# Технологии и коммуникации > Интернет >  Техподдержка абонентов IPTV и BYFLY

## bobom

Кого какие вопросы интересуют, задавайте

Работаю в техподдержке byfly нашего города (техперсонал)
Правила не читал)) Есть группа вконтакте, если можно вылаживать ссылки на другие ресурсы, требующие регистрации - оставлю ссылку на группу)

Сразу оговорюсь по поводу трехдневной проблеммы (и тв и буфлу), в Минске уже как вроде закончились работы, так что все должно запахать)))

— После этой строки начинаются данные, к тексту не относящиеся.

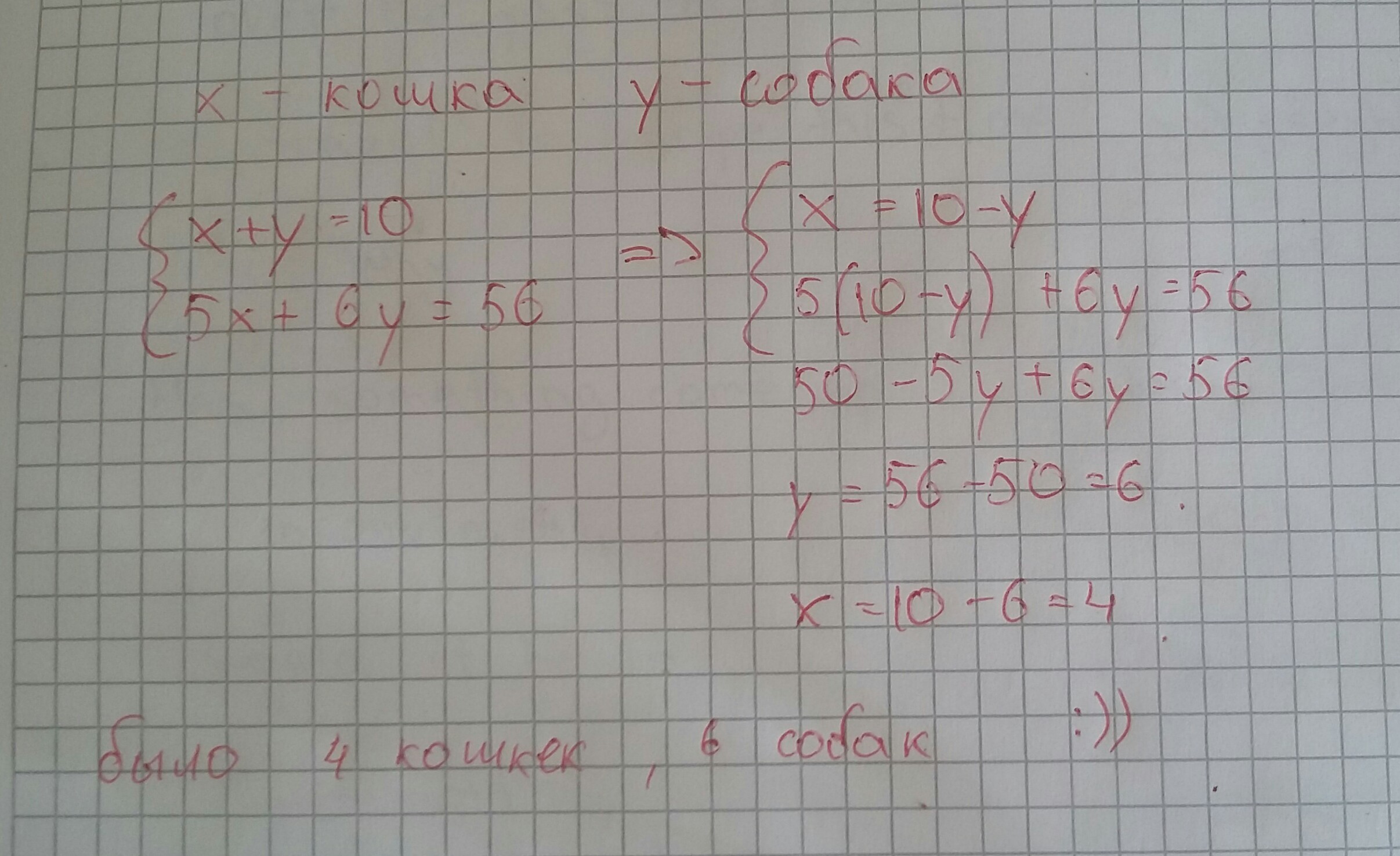 Помогите решить задачу: " Было 10 кошек и собак(вместе). Им раздали 56 косточек : по 5 каждой кошке и по 6 каждой собаке. Сколько было кошек и сколько собак?" Спасибо!

В случае если не можете дозвонится до теъподдеркки, стучитесь 202450785, любо сюда, либо в личку, либо в группу вкантахте))

----------


## Sanych

> Есть группа вконтакте, если можно вылаживать ссылки на другие ресурсы, требующие регистрации - оставлю ссылку на группу)


Вообще такую ссылку, если она принесёт пользу нашим пользователям, разрешить могу. Другое дело, что где они её будут получать?? Толку тогда нам тут её держать

----------


## bobom

> Вообще такую ссылку, если она принесёт пользу нашим пользователям, разрешить могу. Другое дело, что где они её будут получать?? Толку тогда нам тут её держать


В контакте все же не все сидят)))
[Скрытая ссылка. Необходима регистрация. ]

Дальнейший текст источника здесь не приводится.